It's my turn to post and I don’t have a story to write, unless you count my suddenly, after thirty-two happy years of marriage, batching it.
Our dear elderly friend has been battling cancer for several years, and my wife, Ellie, and I are her primary non-medical care-givers. Ellie is “hands on;” I have been in the background. Ellie had, perhaps a dozen times in the last few years, stayed overnight with her in the course of helping her with this fight. The first few once-weekly chemo treatments; in case of a bad reaction overnight. Occasionally when they had to be at an appointment early in the morning; for logistical reasons it is much easier to start from her place than from ours. Her first few daily radiation treatments. More recently her energy has nose-dived and Ellie has needed to be there as much for emotional support as for actual physical aid and comfort. These were short-term; although I missed Ellie's companionship and lying next to her overnight, I supported her doing this.
On the Sunday before Christmas, completely unaware of the implication of my suggestion, I said to Ellie, who had come home from our friend’s and was intending to stay the night, that I think she should return, “as we agreed she needs help managing her meds.” She had, indeed, shown signs of overdose the prior week and clearly needed help if she needed to take the same med more than twice a day … which she did need to do. Ellie returned, realized her help was badly needed, thanked me for suggesting she return, and hasn’t slept in our bed since; it’s coming up on five weeks.
Ellie and I have lived together our entire thirty-two married years, rarely had been in different locations overnight and now she’s gone. At first I thought this an adventure. Not as in, “wow, is this going to be fun,” but as in “life will be different for a while, I wonder how I’ll experience it!” I looked forward to finding out.
I sure found out. She left just before the Christmas Holidays, and I joined them for the holidays. They spoiled me by sending me home with lots of leftovers. Meatballs; soup; bread; sausage; pie; chili; dip; crackers. As time went on and I finished off the leftovers, I realized that if I were to eat, I’d have to shop for groceries; and put them away. I’d have to make a list.
Other findings: if I wanted clean dishes, I’d have to wash them. Same for clean clothes. I’d have to reprise my role as bill-payer. If I wanted to see the top of the dining room table, I’d have to do a better than half-baked job of sorting the mail that had been piling up.
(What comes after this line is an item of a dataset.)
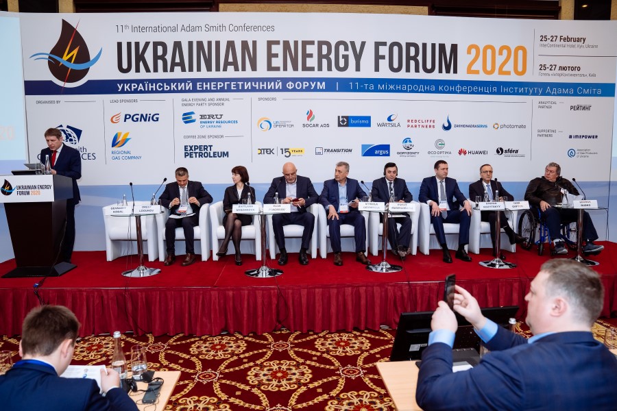 | Учасники Шостої сесії 11-го Українського енергетичного форуму (зліва-направо): Г. Кобаль (модератор секції, ExPro Consulting), О. Логунов (Група Нафтогаз), С. Нєжнова (ДАТ "Чорноморнафтогаз"), І. Плачков (ГС "Всеукраїнська Енергетична Асамблея"), М. Оринчак (Полтавська газонафтова компанія), Р. Маммадбайлі (SOCAR AQS), С. Козицький (бурова компанія “Горизонти”, ТОВ “Західнадрасервіс”), І. Гафич ( ДТЕК Нафтогаз), Г. Рудько (Державна комісія України по запасах корисних копалин) |

In short, I needed to consciously care for the environment in which I was living.
As the time lengthened, I realized I was no longer learning how I’d experience Ellie’s absence, I was actually experiencing it. I learned, without reservation, that I prefer sharing our house with my spouse. But our friend is battling cancer, she both needs and welcomes Ellie’s on-going presence, and I am more than willing to batch it, even for the long haul, if that helps. She is my friend, too.
What started as a short term adventure had become a long-term accommodation and I noticed a change in my experience of it. I spoke with Ellie about this; she, too, felt the change as we segued to a long term commitment.